-- Input follows --
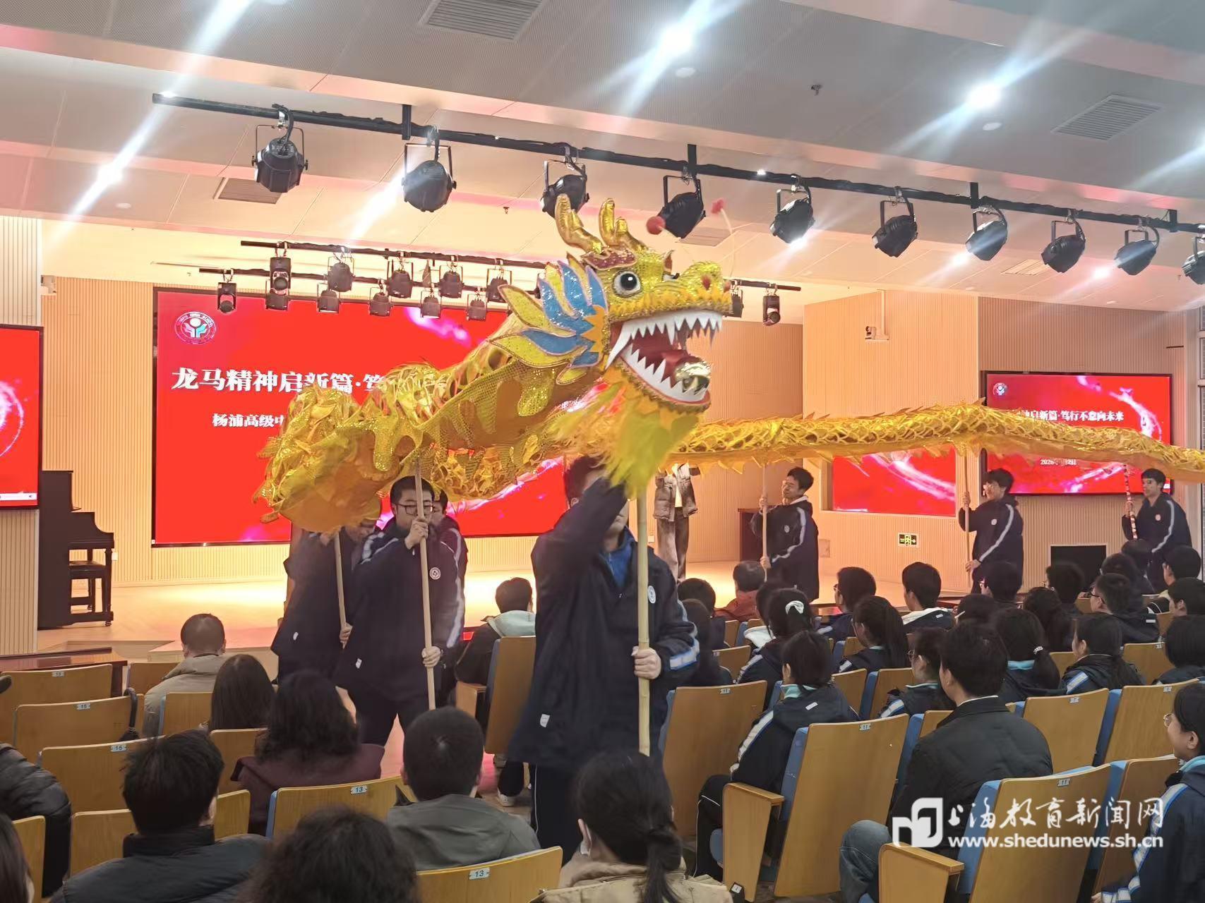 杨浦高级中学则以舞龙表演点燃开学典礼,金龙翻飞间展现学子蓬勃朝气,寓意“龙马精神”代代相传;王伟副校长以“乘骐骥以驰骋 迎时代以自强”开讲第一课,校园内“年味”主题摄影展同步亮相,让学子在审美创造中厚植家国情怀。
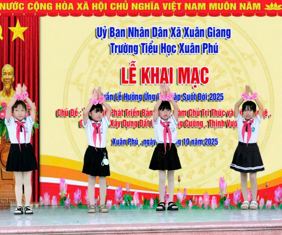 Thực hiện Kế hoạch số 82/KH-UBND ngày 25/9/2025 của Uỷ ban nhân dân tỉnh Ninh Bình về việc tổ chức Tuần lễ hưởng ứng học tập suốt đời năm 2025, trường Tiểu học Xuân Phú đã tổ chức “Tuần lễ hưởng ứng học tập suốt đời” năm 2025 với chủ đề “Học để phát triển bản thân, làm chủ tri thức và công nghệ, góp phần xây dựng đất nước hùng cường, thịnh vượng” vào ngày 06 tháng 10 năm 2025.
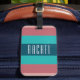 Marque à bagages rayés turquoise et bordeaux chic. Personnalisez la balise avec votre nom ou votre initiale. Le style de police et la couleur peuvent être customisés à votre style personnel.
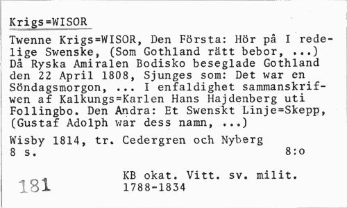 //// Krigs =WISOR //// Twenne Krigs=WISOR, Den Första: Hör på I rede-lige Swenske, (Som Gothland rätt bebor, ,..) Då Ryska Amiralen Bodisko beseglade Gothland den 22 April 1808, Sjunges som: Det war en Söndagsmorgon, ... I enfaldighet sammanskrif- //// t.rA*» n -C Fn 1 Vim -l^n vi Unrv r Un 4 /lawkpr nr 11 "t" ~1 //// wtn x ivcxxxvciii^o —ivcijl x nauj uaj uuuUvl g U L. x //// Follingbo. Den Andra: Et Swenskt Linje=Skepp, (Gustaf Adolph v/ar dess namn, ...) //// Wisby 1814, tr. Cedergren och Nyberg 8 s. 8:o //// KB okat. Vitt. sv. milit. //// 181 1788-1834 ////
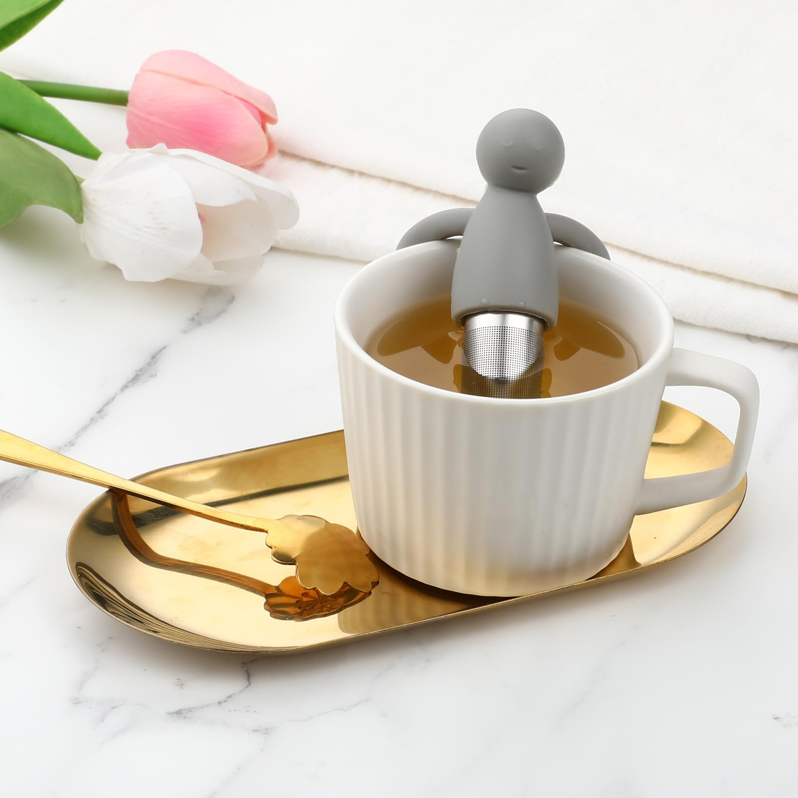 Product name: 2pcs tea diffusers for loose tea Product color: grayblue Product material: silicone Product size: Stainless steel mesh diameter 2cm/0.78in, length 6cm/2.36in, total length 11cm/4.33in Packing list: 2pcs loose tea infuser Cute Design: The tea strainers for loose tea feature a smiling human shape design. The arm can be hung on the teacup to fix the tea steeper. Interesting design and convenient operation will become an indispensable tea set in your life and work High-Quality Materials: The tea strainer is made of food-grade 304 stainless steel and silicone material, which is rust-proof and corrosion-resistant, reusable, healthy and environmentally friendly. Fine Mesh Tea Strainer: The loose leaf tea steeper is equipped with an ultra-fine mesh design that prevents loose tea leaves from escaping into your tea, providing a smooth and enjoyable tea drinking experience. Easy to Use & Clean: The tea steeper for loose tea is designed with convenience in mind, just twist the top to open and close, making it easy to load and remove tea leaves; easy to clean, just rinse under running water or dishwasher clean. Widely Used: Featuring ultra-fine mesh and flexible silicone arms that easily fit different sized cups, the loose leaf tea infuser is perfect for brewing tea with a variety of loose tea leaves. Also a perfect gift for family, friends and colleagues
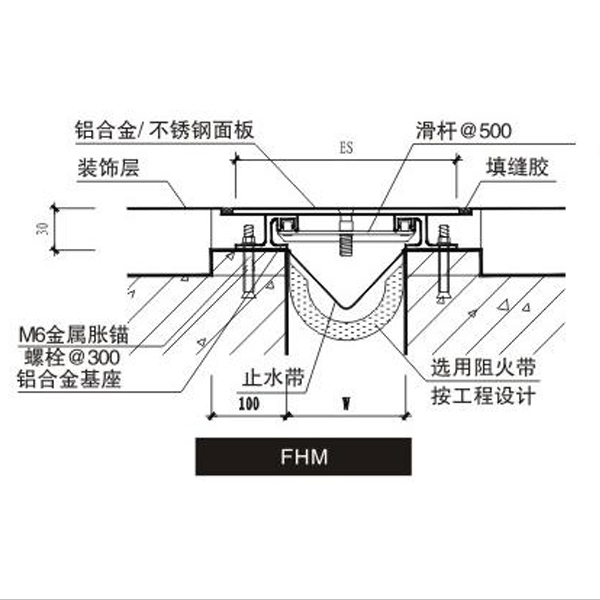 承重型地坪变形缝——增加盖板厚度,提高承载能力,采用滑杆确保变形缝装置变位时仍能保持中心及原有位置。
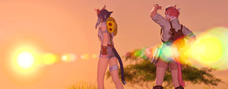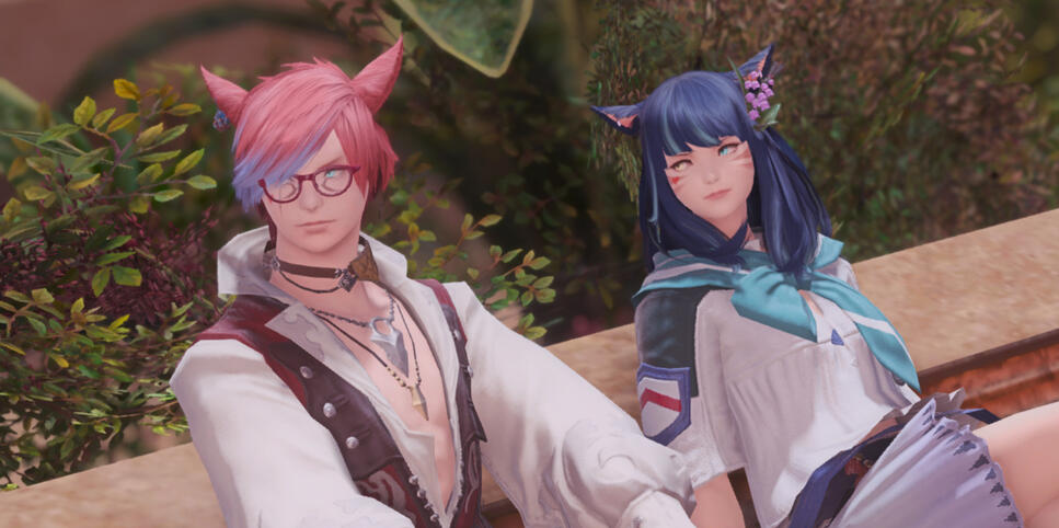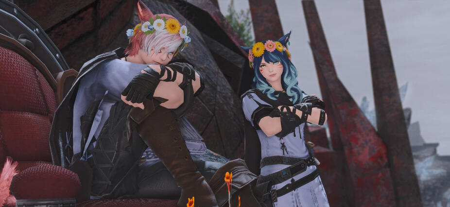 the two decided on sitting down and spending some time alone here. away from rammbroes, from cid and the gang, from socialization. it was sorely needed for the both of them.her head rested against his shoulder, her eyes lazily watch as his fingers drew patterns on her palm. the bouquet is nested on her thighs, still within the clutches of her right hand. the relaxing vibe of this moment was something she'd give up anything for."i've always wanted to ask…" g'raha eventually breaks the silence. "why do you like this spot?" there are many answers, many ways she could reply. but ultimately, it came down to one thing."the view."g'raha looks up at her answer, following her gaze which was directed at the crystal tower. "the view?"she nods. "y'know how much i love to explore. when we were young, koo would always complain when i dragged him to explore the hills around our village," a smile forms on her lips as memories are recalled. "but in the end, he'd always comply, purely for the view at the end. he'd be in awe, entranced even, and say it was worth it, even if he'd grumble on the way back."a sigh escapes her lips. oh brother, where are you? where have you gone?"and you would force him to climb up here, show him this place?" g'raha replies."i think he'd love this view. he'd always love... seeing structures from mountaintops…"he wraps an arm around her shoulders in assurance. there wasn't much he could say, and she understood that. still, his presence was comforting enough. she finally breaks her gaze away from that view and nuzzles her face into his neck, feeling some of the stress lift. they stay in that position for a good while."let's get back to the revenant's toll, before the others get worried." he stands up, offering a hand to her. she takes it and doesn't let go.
-- Input concluded --
● Exercise objective
Print all the records exactly, minus any images.

● Your solution
 杨浦高级中学则以舞龙表演点燃开学典礼,金龙翻飞间展现学子蓬勃朝气,寓意“龙马精神”代代相传;王伟副校长以“乘骐骥以驰骋 迎时代以自强”开讲第一课,校园内“年味”主题摄影展同步亮相,让学子在审美创造中厚植家国情怀。
 Thực hiện Kế hoạch số 82/KH-UBND ngày 25/9/2025 của Uỷ ban nhân dân tỉnh Ninh Bình về việc tổ chức Tuần lễ hưởng ứng học tập suốt đời năm 2025, trường Tiểu học Xuân Phú đã tổ chức “Tuần lễ hưởng ứng học tập suốt đời” năm 2025 với chủ đề “Học để phát triển bản thân, làm chủ tri thức và công nghệ, góp phần xây dựng đất nước hùng cường, thịnh vượng” vào ngày 06 tháng 10 năm 2025.
 Marque à bagages rayés turquoise et bordeaux chic. Personnalisez la balise avec votre nom ou votre initiale. Le style de police et la couleur peuvent être customisés à votre style personnel.
 //// Krigs =WISOR //// Twenne Krigs=WISOR, Den Första: Hör på I rede-lige Swenske, (Som Gothland rätt bebor, ,..) Då Ryska Amiralen Bodisko beseglade Gothland den 22 April 1808, Sjunges som: Det war en Söndagsmorgon, ... I enfaldighet sammanskrif- //// t.rA*» n -C Fn 1 Vim -l^n vi Unrv r Un 4 /lawkpr nr 11 "t" ~1 //// wtn x ivcxxxvciii^o —ivcijl x nauj uaj uuuUvl g U L. x //// Follingbo. Den Andra: Et Swenskt Linje=Skepp, (Gustaf Adolph v/ar dess namn, ...) //// Wisby 1814, tr. Cedergren och Nyberg 8 s. 8:o //// KB okat. Vitt. sv. milit. //// 181 1788-1834 ////
 Product name: 2pcs tea diffusers for loose tea Product color: grayblue Product material: silicone Product size: Stainless steel mesh diameter 2cm/0.78in, length 6cm/2.36in, total length 11cm/4.33in Packing list: 2pcs loose tea infuser Cute Design: The tea strainers for loose tea feature a smiling human shape design. The arm can be hung on the teacup to fix the tea steeper. Interesting design and convenient operation will become an indispensable tea set in your life and work High-Quality Materials: The tea strainer is made of food-grade 304 stainless steel and silicone material, which is rust-proof and corrosion-resistant, reusable, healthy and environmentally friendly. Fine Mesh Tea Strainer: The loose leaf tea steeper is equipped with an ultra-fine mesh design that prevents loose tea leaves from escaping into your tea, providing a smooth and enjoyable tea drinking experience. Easy to Use & Clean: The tea steeper for loose tea is designed with convenience in mind, just twist the top to open and close, making it easy to load and remove tea leaves; easy to clean, just rinse under running water or dishwasher clean. Widely Used: Featuring ultra-fine mesh and flexible silicone arms that easily fit different sized cups, the loose leaf tea infuser is perfect for brewing tea with a variety of loose tea leaves. Also a perfect gift for family, friends and colleagues
 承重型地坪变形缝——增加盖板厚度,提高承载能力,采用滑杆确保变形缝装置变位时仍能保持中心及原有位置。
 the two decided on sitting down and spending some time alone here. away from rammbroes, from cid and the gang, from socialization. it was sorely needed for the both of them.her head rested against his shoulder, her eyes lazily watch as his fingers drew patterns on her palm. the bouquet is nested on her thighs, still within the clutches of her right hand. the relaxing vibe of this moment was something she'd give up anything for."i've always wanted to ask…" g'raha eventually breaks the silence. "why do you like this spot?" there are many answers, many ways she could reply. but ultimately, it came down to one thing."the view."g'raha looks up at her answer, following her gaze which was directed at the crystal tower. "the view?"she nods. "y'know how much i love to explore. when we were young, koo would always complain when i dragged him to explore the hills around our village," a smile forms on her lips as memories are recalled. "but in the end, he'd always comply, purely for the view at the end. he'd be in awe, entranced even, and say it was worth it, even if he'd grumble on the way back."a sigh escapes her lips. oh brother, where are you? where have you gone?"and you would force him to climb up here, show him this place?" g'raha replies."i think he'd love this view. he'd always love... seeing structures from mountaintops…"he wraps an arm around her shoulders in assurance. there wasn't much he could say, and she understood that. still, his presence was comforting enough. she finally breaks her gaze away from that view and nuzzles her face into his neck, feeling some of the stress lift. they stay in that position for a good while."let's get back to the revenant's toll, before the others get worried." he stands up, offering a hand to her. she takes it and doesn't let go.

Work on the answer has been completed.